Traditional SAW device is completed on the monocrystal chips such as lithium tantalate, lithium niobate.These devices have
Have the advantages that consistency is good, process conditions are ripe, but lithium niobate is relatively low (3500m/s or so) with the lithium tantalate velocity of sound, is made with it
Make the SAW device of 2.5GHz, interdigital finger beam is necessarily less than 350nm, and the corresponding finger beams of 5GHz are less than 175nm, approaches at present partly
The limit of conductor industrial level causes severed finger serious, and yield rate is too low.And it is interdigital smaller, resistance is bigger, power bearing ability
It is smaller, further increasing for SAW device frequency is seriously constrained, and all there is larger temperature drift coefficient.With wireless
The extension to high-frequency, high power and low-temperature coefficient is communicated, they cannot fully meet these requirements.Then various height
Velocity of sound substrate and piezoelectric membrane are used for the making of SAW device, such as diamond self-supporting substrate, diamond thin, eka-gold
Hard rock film, zinc oxide, aluminium nitride etc..Although substrate or piezoelectric membrane all have the very high velocity of sound and thermal conductivity, it is expected to make
Make high frequency high power device, but these substrates or piezoelectric membrane cause with respect to significant deficiency existing for monocrystal chip it is larger
The problems such as propagation loss and poor consistency.It is exactly that Q values are small, and propagation loss is big in these reflections to device, device homogeneity is poor.Study carefully
The reason is that these diamonds are all polycrystalline materials, highdensity crystal defect causes higher propagation loss.In addition to this, raw
The piezoelectric membrane on these substrates is grown, quality can not show a candle to monocrystal chip, and the crystal defect in film is also further degrading
The performance of device.Therefore, there is an urgent need to develop go out a kind of high-frequency high-performance SAW device at present.
Invention content
The object of the present invention is to provide a kind of high-frequency high-performance SAW devices, specially a kind of to be led based on high velocity of sound height
The single-crystal silicon carbide substrate and lithium tantalate of hot low-temperature coefficient or the SAW device of lithium niobate monocrystal film, structure are interdigital
Electrode/lithium tantalate or lithium niobate monocrystal film/single-crystal silicon carbide substrate form.
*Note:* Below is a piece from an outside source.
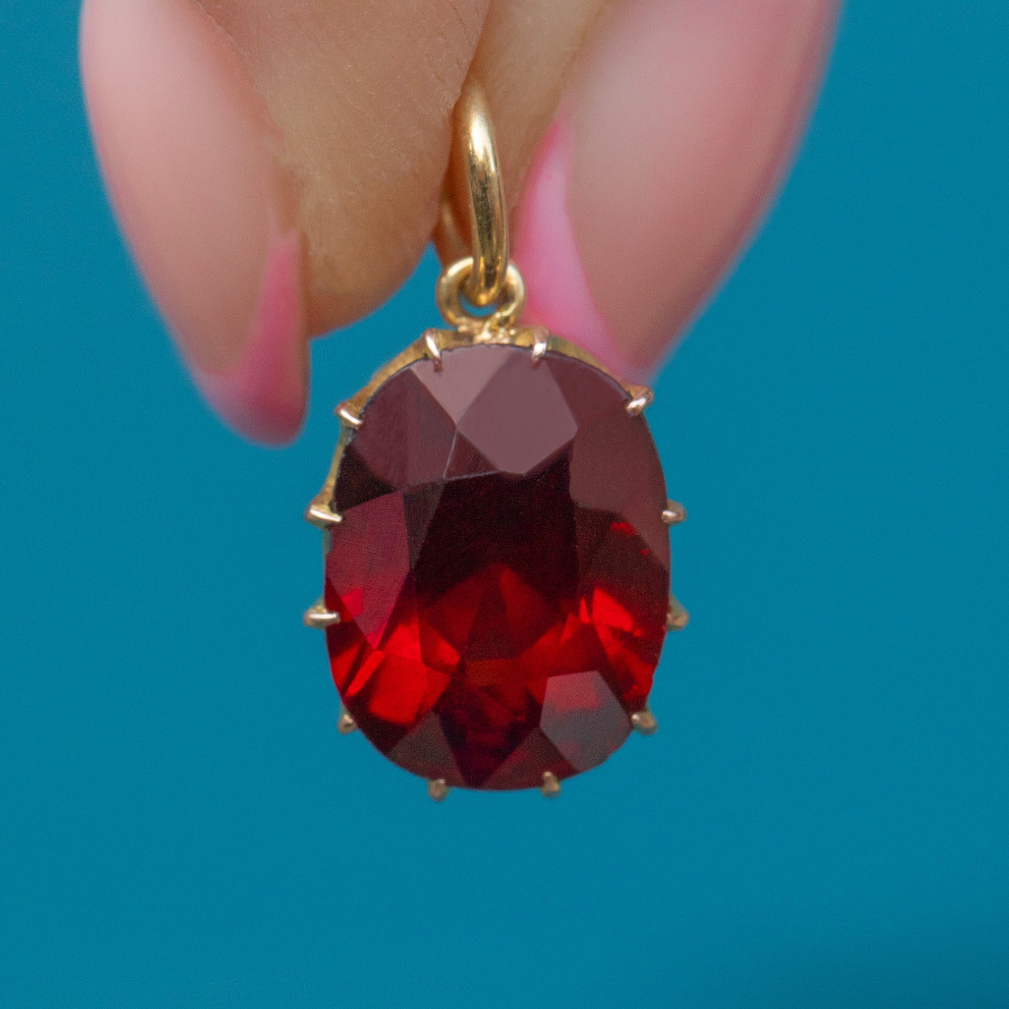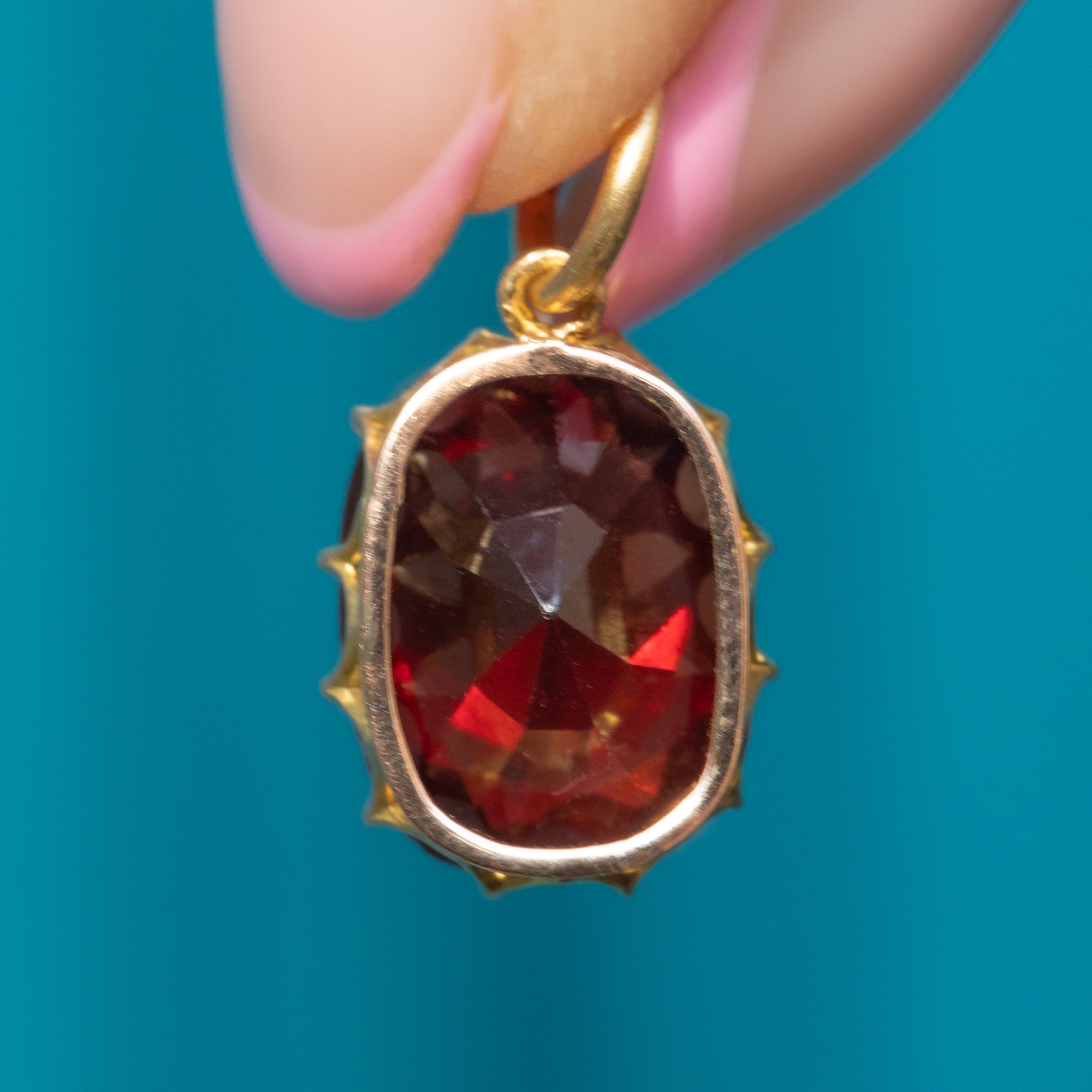 Transport yourself to the Edwardian era with this exquisite antique 14ct Gold Garnet charm! The deep and richly saturated 2.26ct Garnet is accentuated by the warm glow of the Gold, creating a captivating piece that almost looks good enough to eat!

High-frequency high-performance SAW device provided by the present invention, including be sequentially overlapped single-crystal silicon carbide substrate, pressure
Conductive film and interdigital electrode;
The piezoelectric membrane is monocrystalline lithium tantalate film or lithium niobate monocrystal film.
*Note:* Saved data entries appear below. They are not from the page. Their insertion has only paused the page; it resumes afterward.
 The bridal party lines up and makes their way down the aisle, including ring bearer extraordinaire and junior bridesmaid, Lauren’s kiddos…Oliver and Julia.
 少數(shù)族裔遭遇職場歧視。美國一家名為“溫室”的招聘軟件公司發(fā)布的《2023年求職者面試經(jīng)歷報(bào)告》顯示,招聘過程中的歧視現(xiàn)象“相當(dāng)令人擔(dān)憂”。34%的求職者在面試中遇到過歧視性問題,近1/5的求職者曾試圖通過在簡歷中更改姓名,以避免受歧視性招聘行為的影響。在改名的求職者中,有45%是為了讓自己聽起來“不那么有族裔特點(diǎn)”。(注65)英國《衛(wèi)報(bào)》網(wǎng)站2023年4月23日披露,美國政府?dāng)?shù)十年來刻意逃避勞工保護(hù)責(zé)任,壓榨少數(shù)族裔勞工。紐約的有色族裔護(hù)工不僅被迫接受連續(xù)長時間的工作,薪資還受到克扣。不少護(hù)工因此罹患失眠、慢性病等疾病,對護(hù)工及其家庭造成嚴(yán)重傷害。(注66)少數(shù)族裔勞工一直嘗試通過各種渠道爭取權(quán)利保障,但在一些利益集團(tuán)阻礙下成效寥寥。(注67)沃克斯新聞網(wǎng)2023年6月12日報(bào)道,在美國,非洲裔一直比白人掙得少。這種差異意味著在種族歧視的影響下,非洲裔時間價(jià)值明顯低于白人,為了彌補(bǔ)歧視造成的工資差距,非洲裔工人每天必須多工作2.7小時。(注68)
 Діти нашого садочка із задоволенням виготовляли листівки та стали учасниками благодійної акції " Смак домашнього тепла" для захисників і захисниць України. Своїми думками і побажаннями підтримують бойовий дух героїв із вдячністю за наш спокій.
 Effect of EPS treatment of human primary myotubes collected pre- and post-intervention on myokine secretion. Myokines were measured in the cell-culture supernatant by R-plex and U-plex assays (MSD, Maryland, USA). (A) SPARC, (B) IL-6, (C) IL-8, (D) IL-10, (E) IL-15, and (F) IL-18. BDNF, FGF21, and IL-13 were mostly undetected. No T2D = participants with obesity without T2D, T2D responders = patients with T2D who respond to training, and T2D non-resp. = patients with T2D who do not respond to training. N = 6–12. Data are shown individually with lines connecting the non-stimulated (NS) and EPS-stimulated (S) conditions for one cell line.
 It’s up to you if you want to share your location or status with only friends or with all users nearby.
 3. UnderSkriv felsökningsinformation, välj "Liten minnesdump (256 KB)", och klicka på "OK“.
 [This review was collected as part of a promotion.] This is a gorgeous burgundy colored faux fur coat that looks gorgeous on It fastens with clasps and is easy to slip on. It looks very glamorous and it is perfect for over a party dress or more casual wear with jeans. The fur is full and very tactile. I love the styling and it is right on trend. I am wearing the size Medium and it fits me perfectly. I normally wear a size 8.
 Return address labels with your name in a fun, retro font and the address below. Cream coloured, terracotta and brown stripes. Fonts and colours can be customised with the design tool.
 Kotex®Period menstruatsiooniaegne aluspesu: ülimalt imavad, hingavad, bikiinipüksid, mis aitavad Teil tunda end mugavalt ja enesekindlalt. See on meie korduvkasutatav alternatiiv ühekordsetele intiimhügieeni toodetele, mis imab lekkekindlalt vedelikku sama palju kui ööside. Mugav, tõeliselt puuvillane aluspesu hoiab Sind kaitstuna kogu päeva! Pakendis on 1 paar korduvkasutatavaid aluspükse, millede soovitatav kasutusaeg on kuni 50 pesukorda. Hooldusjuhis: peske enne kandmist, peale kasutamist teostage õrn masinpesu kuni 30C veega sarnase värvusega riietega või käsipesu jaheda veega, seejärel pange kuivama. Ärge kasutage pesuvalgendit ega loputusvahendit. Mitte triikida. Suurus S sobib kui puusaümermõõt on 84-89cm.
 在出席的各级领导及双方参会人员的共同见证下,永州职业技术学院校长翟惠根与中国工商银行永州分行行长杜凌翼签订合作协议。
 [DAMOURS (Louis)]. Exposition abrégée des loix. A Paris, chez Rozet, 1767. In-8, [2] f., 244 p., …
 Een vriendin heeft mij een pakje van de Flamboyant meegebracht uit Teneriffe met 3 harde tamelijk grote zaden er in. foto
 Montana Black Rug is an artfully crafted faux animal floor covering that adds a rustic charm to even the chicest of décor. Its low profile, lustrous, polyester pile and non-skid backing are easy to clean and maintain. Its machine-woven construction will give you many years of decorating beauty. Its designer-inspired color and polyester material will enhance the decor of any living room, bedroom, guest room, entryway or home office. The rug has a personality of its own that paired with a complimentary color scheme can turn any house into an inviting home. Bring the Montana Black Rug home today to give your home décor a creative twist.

High-frequency high-performance SAW device of the present invention uses single-crystal silicon carbide substrate as substrate, with preferable sound
Speed, and it is excellent to have that crystal quality is high, consistency is good etc. compared to diamond self-supporting substrate and diamond and DLC film
Point.Since silicon carbide itself does not have piezoelectric property, acoustic-electric conversion can not be carried out, thus the present invention using single-crystal silicon carbide with
The Multilayer system that lithium tantalate or lithium niobate piezoelectric material are combined.The crystal quality of lithium tantalate or lithium niobate piezoelectric monocrystal thin films
Height, consistency is good, is capable of providing excellent performance.
In addition, the present invention uses single-crystal silicon carbide substrate as substrate, also have excellent thermal stability and chemistry steady
Qualitative, high heat conductance and excellent radiation resistance, and production and processing technology is increasingly ripe, is suitble to prepare with high frequency, big work(
The high-performance SAW device of rate, Flouride-resistani acid phesphatase, high-temperature stability.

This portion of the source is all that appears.